PHP提取身体标签的内容 [英] php extract body tag content

查看:44
本文介绍了PHP提取身体标签的内容的处理方法,对大家解决问题具有一定的参考价值,需要的朋友们下面随着小编来一起学习吧!

问题描述

我正在尝试应该很简单的方法,但是我无法使其正常工作.这让我想知道我是否使用了正确的工作流程.

I'm trying what should be very easy, but I can't get it to work. Which makes me wonder if I'm using the right workflow.

我有一个简单的html页面,该页面作为帮助文件加载到桌面应用程序中.该页面没有菜单,仅包含内容.我想在我的网站上拥有一个更完善的帮助系统.因此,我想使用一个将显示菜单,面包屑以及页眉和页脚的php文件.为了不复制帮助内容,我想加载原始的HTML帮助文件并将其正文内容添加到增强的帮助页面中.

I have a simple html page which I load in my desktop application as a help file. This page has no menu just the content. On my website I want to have a more sophisticated help system. So I want to use a php file which will show a menu, breadcrums and a header and footer. To not duplicate my help content I want to load the original HTML help file and add its body content to my enhanced help page.

我正在使用以下代码提取标题:

I'm using this code to extract the title:

function getURLContent($filename){
    $url = realpath(dirname(__FILE__)) . DIRECTORY_SEPARATOR . $filename;
    $doc = new DOMDocument;
    $doc->preserveWhiteSpace = FALSE;
    @$doc->loadHTMLFile($url);
    return $doc;
}

function getSingleElementValue($element){
  if (!is_null($element)) {
    $node = $element->childNodes->item(0);
    return $node->nodeValue;
  }
} 

$doc = getURLContent("test.html");
$title = getSingleElementValue($doc->getElementsByTagName('title')->item(0));
echo $title;

标题已正确提取.

现在我尝试提取身体:

function getBodyContent($element){
  $mock = new DOMDocument;
  foreach ($element->childNodes as $child){
      $mock->appendChild($mock->importNode($child, true));
  }        
  return $mock->saveHTML();
}

$body = getBodyContent($doc->getElementsByTagName('body')->item(0));
echo $body;

getBodyContent()函数是我尝试过的几个选项之一.它们全部返回整个HTML标签,包括HEAD标签.

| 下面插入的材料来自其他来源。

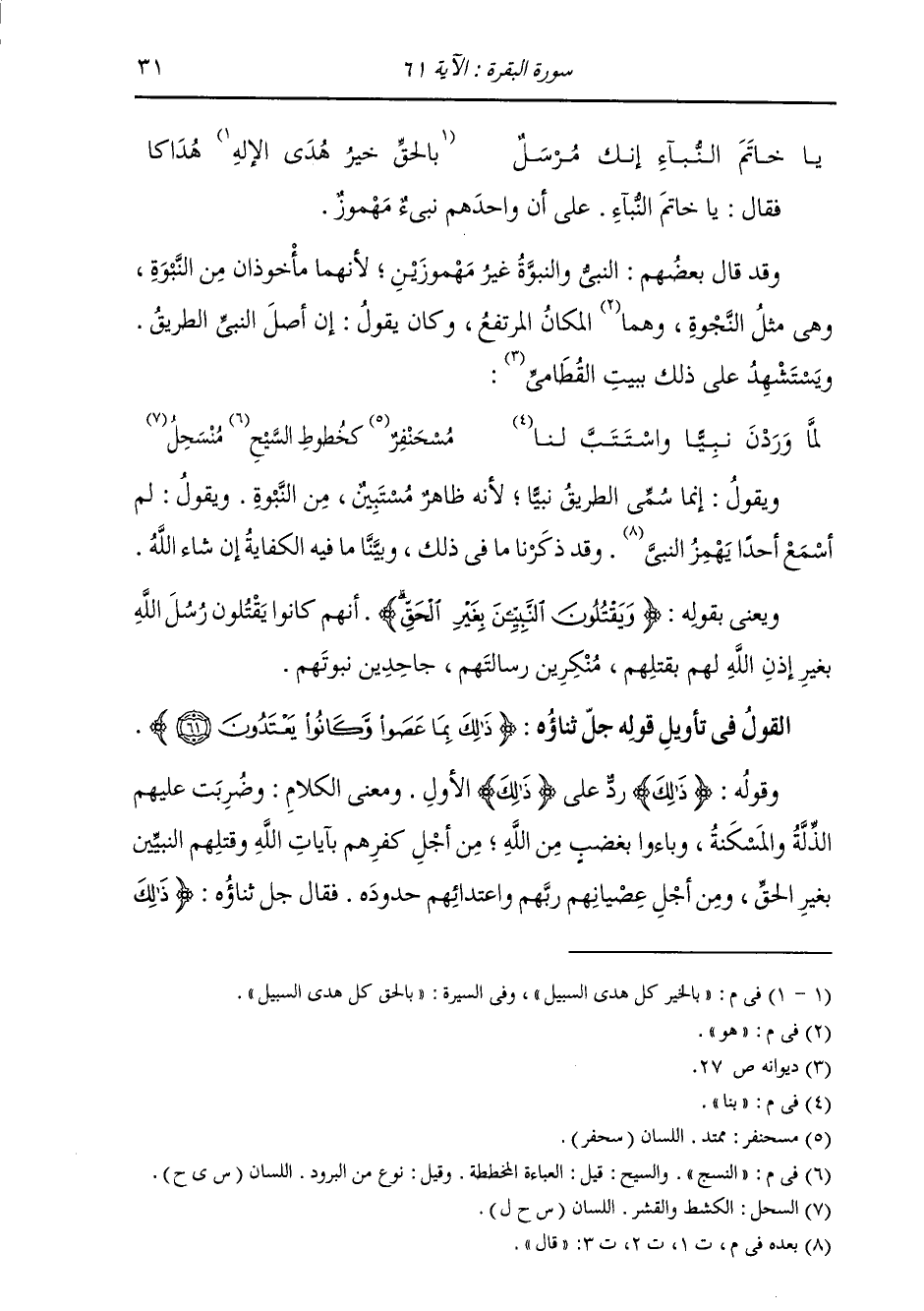 فَقَالَ. يَا خَاتَمَ النُّبَآءِ، عَلَى أَنَّ وَاحِدَهُمُ نَبِيءٌ مَهْمُوزٌ. وَقَدْ قَالَ بَعْضُهُمُ: النَّبِيُّ وَالنُّبُوَّةُ غَيْرُ مَهْمُوزٍ. لِأَنَّهُمَا مَأْخُوذَانِ مِنَ النَّبْوَةِ، وَهِيَ مِثْلُ النَّجْوَةِ، وَهُوَ الْمَكَانُ الْمُرْتَفِعُ. وَكَانَ يَقُولُ إِنَّ أَصْلَ النَّبِيِّ الطَّرِيقُ، وَيَسْتَشْهِدُ عَلَى ذَلِكَ بِبَيْتِ الْقُطَامِيِّ:

The getBodyContent() function is one of the several options I tried. All of them return the whole HTML tag, including the HEAD tag.

我的问题是:这是正确的工作流程还是我应该使用其他东西?

My question is: Is this a correct workflow or should I use something else?

谢谢.

更新:我的最终目标是拥有一个包含多个页面的网站,该网站具有可通过菜单访问的帮助文件.这些页面将使用generate.php?page = test.html之类的东西生成.我还没有这个部分.目标也是不重复test.html的内容,因为此文件将在我的桌面应用程序中使用(使用Web控件).在我的桌面应用程序中,不需要菜单等.

Update: My final goal is to have a website with multiple pages that has the help files accessible via a menu. These pages will be generated using something like generate.php?page=test.html. I'm not yet at this part. The goal is also to not duplicate the content of test.html because this file will be used in my desktop application (using a web control). In my desktop application I don't need the menu and such.

更新#2:我必须添加<元http-equiv ="Content-Type" content ="text/html; charset = utf-8"/> 到我想阅读的html文件,现在我得到了正文内容.不幸的是,所有标签都是条状的.我也需要修复它.

Update #2: I had to add <meta http-equiv="Content-Type" content="text/html; charset=utf-8"/> to the html-file I want to read and now I do get the body content. Unfortunaly all tags are strips. I'll need to fixed that as well.

推荐答案

问题是 saveHTML()将返回实际文档.你不要这个相反,您只需要输入内容即可.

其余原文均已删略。